Continuous computation: Features update with every incoming event, not on a cron schedule. There is no "next run" to wait for.
Incremental processing: When a new event arrives, only the affected feature rows are recomputed. The system does not re-scan the entire dataset. This is what makes sub-second latency achievable at scale.
Stream-native: The pipeline reads directly from event streams and produces results that are immediately queryable. There is no intermediate landing zone or staging table.

Why Batch Feature Pipelines Break in Production

Batch feature pipelines are familiar and well-understood, but they introduce three systemic problems that get worse as your ML system matures.

The freshness problem

A batch pipeline that runs every hour produces features that are, on average, 30 minutes old at serving time. For some use cases, this is fine -- a content recommendation model can tolerate hourly refreshes. But for fraud detection, dynamic pricing, real-time personalization, and anomaly detection, stale features directly reduce model accuracy.

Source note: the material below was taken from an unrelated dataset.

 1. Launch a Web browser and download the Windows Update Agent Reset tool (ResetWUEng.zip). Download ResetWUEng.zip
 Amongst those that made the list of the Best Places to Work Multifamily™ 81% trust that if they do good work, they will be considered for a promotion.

Consider a fraud model. It was trained on features like "transaction count in the last 5 minutes" computed from raw event logs. But in production, the feature store only refreshes hourly. The model receives a txn_count_5min value that was accurate 45 minutes ago. A burst of fraudulent transactions that started 3 minutes ago is invisible to the model.

Training-serving skew

This is the most insidious failure mode in production ML. Training-serving skew happens when the code that computes features for training differs from the code that computes features for serving, even subtly.

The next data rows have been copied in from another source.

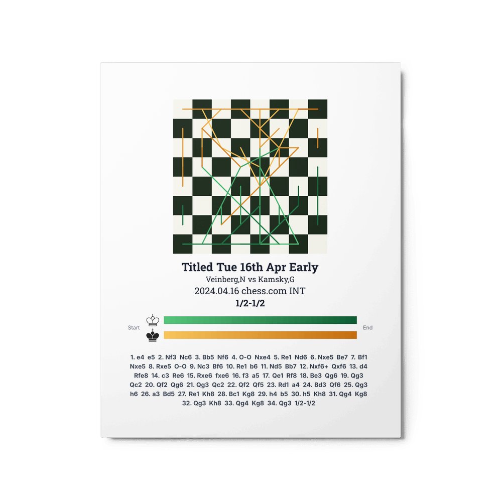 Museum-quality poster on thick, durable matte paper. A sharp, clean look for any chess visualisation.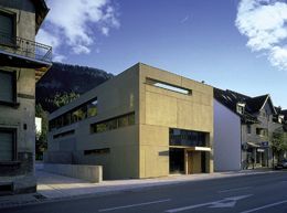Gebäude und Platz verschmelzen zu einem gestalterischen Ganzen, die trotz einer kubischen Reduktion vielfältige räumliche Erlebnisse ermöglichen. (Ein-, Aus- Durchblicke)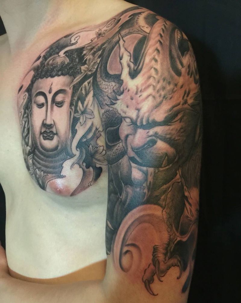 当前位置: 首页 >四川省成都市纹身店-涛刺青tattoo纹身图案>佛魔半甲纹身图片_成品手部胸部传统刺青纹身图案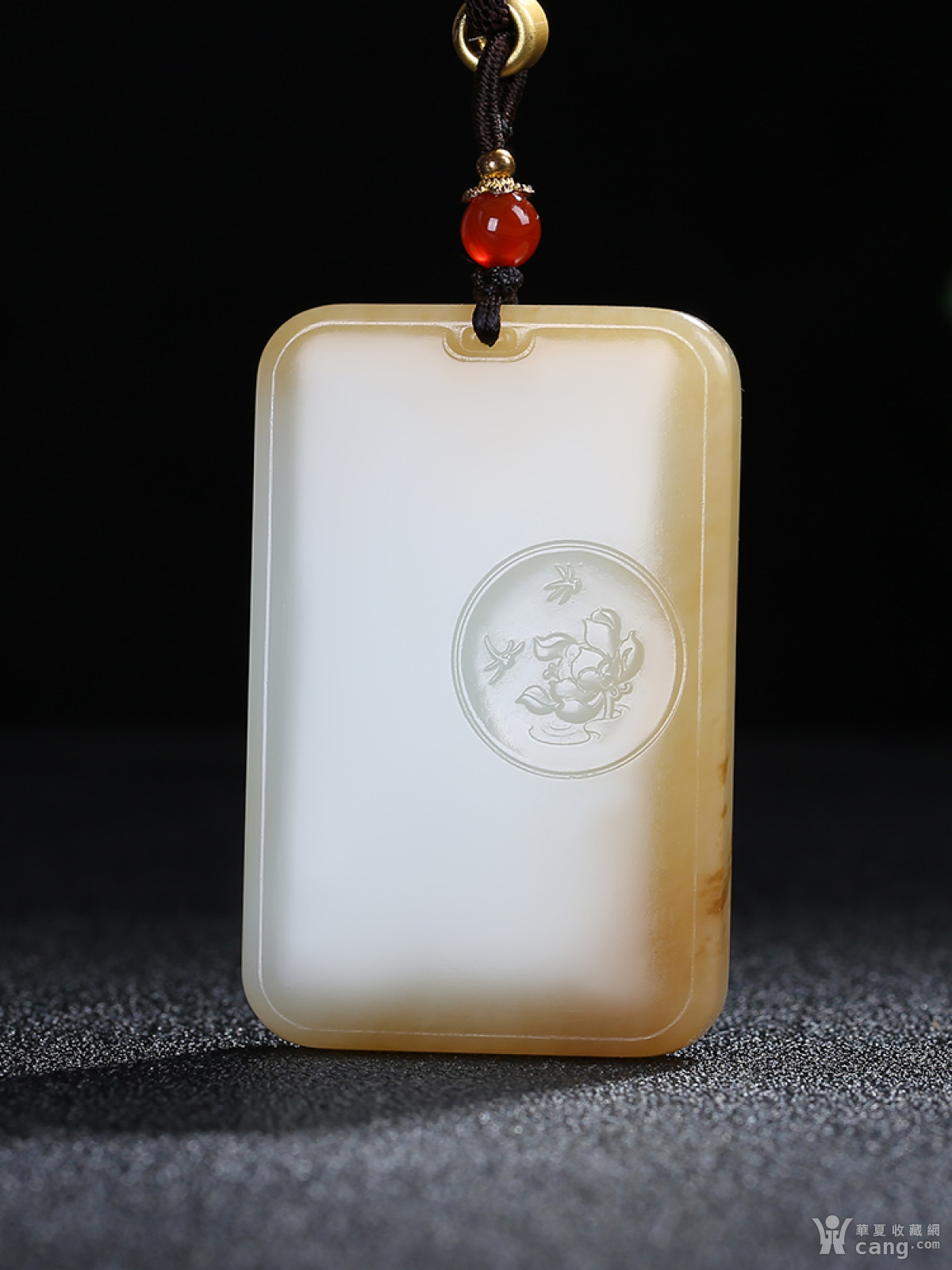 [莲香荷韵]和田玉糖白玉莲花蜻蜓牌子挂件吊坠59.69g

In a typical batch architecture, training features are computed by a PySpark job reading from a data lake, while serving features come from a separate pipeline writing to Redis. The two code paths use different join semantics, different null handling, different window boundaries. The model sees a different feature distribution in production than it saw during training, and its predictions degrade silently -- no errors, no crashes, just worse outcomes.

Operational overhead

Each batch feature pipeline is a DAG node. It needs scheduling, monitoring, alerting, backfill logic for failed runs, and dependency management. At 10 features, this is manageable. At 200 features across 15 models, it is a full-time job. Late-arriving data triggers reruns. Schema changes cascade through downstream jobs. Backfills compete with production runs for cluster resources.

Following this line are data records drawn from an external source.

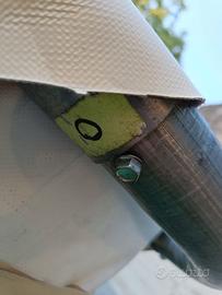 piscina fuori terra. dimensioni in metri 6,00x3,00x1,35. realizzata in acciaio tubolare autoportante, montato ad incastro, con sacco liner, completa di skimmer, pompa, sistema di filtrazione a sabbia, di scaletta di accesso e kit di pulizia
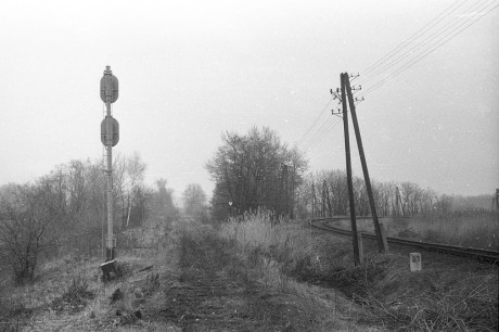 Pohled na těleso právě snesené vlečky z Dubňan na ÚZ Šardice v únoru 1994, přes vjezdové návěstidlo. V pozadí je patrná jeho předvěst. Zcela vpravo snímku je vjezdové návěstidlo od Kyjova. Foto Leoš Tomančák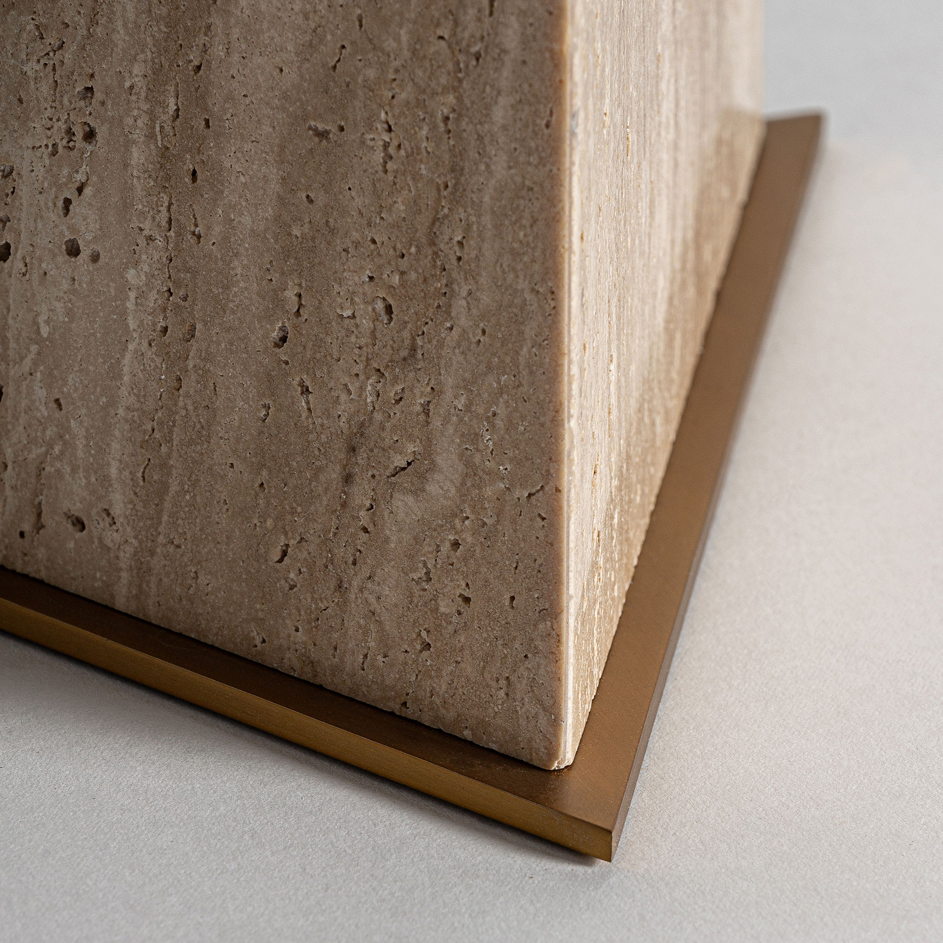 Lámpara de sobremesa Tetbury de estilo art deco fabricado en mármol en color beige combinado con hierro en color oro con acabado bronce y algodón bouclé en color blanco. Producto desmontable.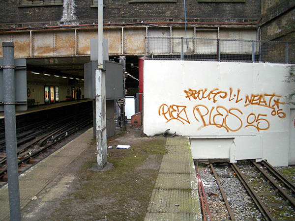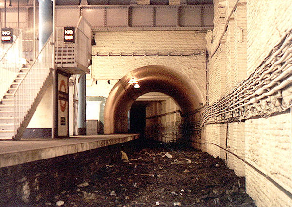![]() The disused terminating platform at Liverpool Street station on the Met/H&C/Circle lines, facing the other way (toward Moorgate). The space seen here has been given over to Crossrail. (photo: 2005) |

How Streaming SQL Makes Real-Time Features Practical

The traditional answer to real-time feature engineering has been to write custom Flink or Spark Structured Streaming applications in Java, Scala, or Python. This works, but it introduces a new tech stack, a new deployment model, and a new skillset requirement for your team.

Streaming SQL offers a different path. If you can write a GROUP BY query, you can build a real-time feature pipeline. RisingWave is a streaming database that lets you define features as SQL queries over live streams, maintained continuously as materialized views.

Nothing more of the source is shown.